フェスゴ 乳がん・大腸がんで製造販売承認取得 中外製薬

 中外製薬は25日、抗悪性腫瘍剤「フェスゴ」について、「HER2陽性の乳癌」および「がん化学療法後に増悪したHER2陽性の治癒切除不能な進行・再発の結腸・直腸癌」を効能・効果として、同日、厚労省より製造販売承認を取得したと発表した。
 同剤は、パージェタおよびハーセプチンに含まれるモノクローナル抗体とボルヒアルロニダーゼ アルファ(遺伝子組換え)の溶液が1本のバイアルに含まれ、調製不要の固定用量による投与が可能な配合皮下注製剤である。
 薬剤投与時間(経過観察等を除く)は、パージェタとハーセプチンの静注製剤を続けて投与する場合、初回は約150分、2回目以降は60~150分に対して、フェスゴの投与時間は、初回は8分以上、2回目以降は5分以上である。なお、初回投与の忍容性が良好な場合、両剤とも30分まで短縮できる。
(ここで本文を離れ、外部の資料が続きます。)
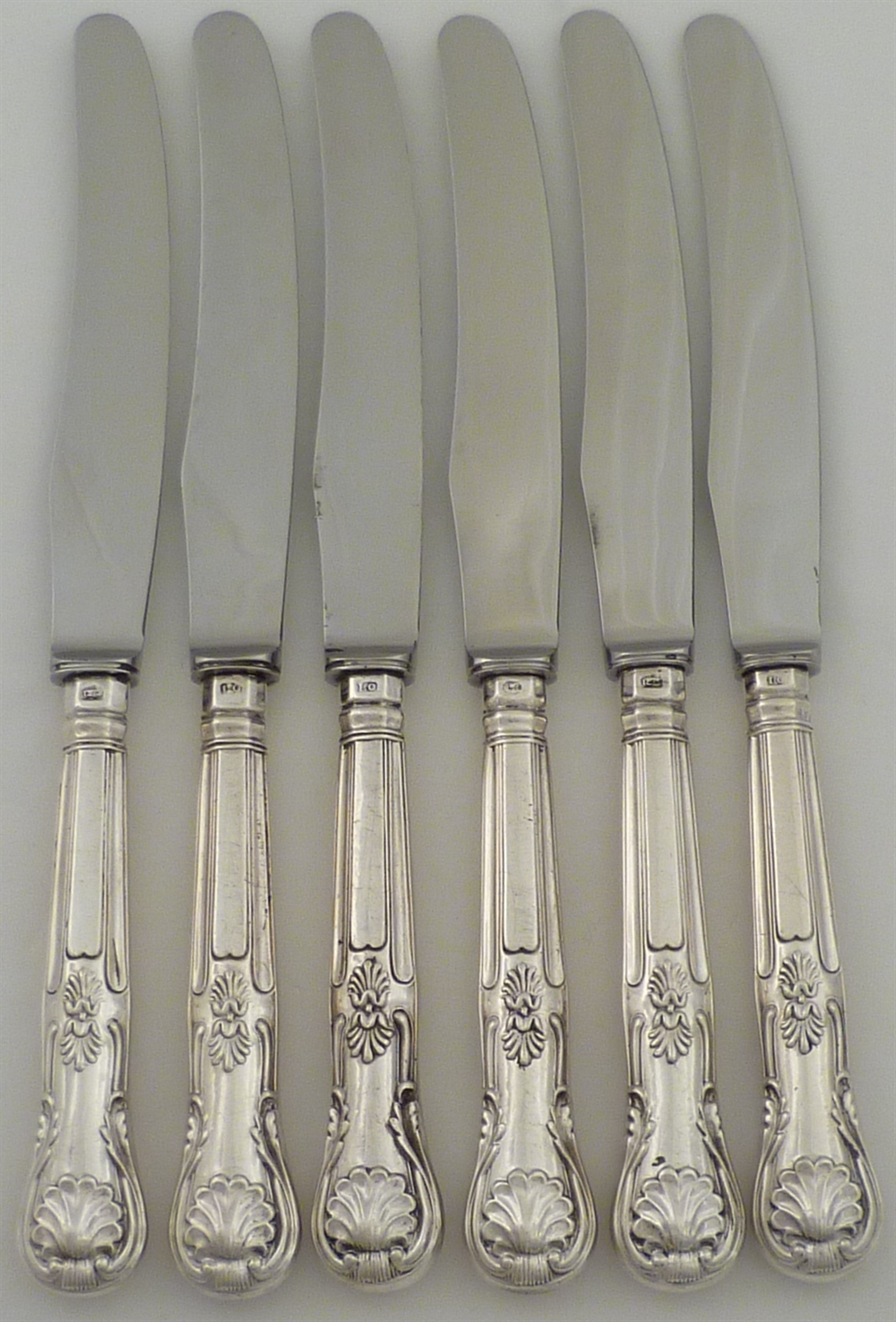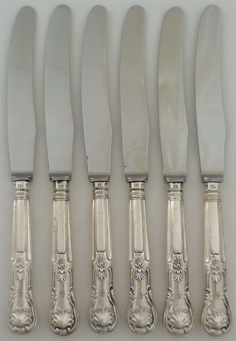 DESCRIPTION | Set of six Victorian silver handled King's pattern dessert or salad knives with an initial 'S' engraving. |

 今回の承認は、HER2陽性乳がんを対象にフェスゴの薬物動態、有効性および安全性を評価した日本を含む国際共同P3試験(FeDeriCa試験)、同じくHER2陽性乳がんを対象に、フェスゴの患者選好度および皮下投与の満足度を評価した海外P2試験(PHranceSCa試験)等の成績に基づくもの。フェスゴの日本における開発は中外製薬が実施しており、国内からFeDeriCa試験に参加している。
 FeDeriCa試験において、フェスゴと、パージェタおよびハーセプチンの静注製剤におけるパージェタの血中濃度に関する非劣性(薬物動態)が検証された(主要評価項目)。主な有害事象は、脱毛症(フェスゴ群77%、静注製剤群70%、以下同順)、悪心(59%、60%)、下痢(58%、55%)、貧血(34%、41%)であった。
 また、PHranceSCa試験の評価対象となった85%(136/160名)の患者において、パージェタおよびハーセプチンの点滴静注製剤による併用より本皮下注製剤が好まれ、最も多い理由として診療時間の短縮が報告されている。

◆奥田修中外製薬代表取締役社長CEOのコメント
 HER2陽性乳がんの標準治療薬であるパージェタおよびハーセプチンの配合皮下注製剤であるフェスゴが、日本においても承認されたことを嬉しく思う。
 投与時間の短縮は、患者さんの利便性向上および医療現場の負担軽減につながることが期待される。本剤をいち早く治療にお役立ていただけるよう、発売に向け準備を進めていく。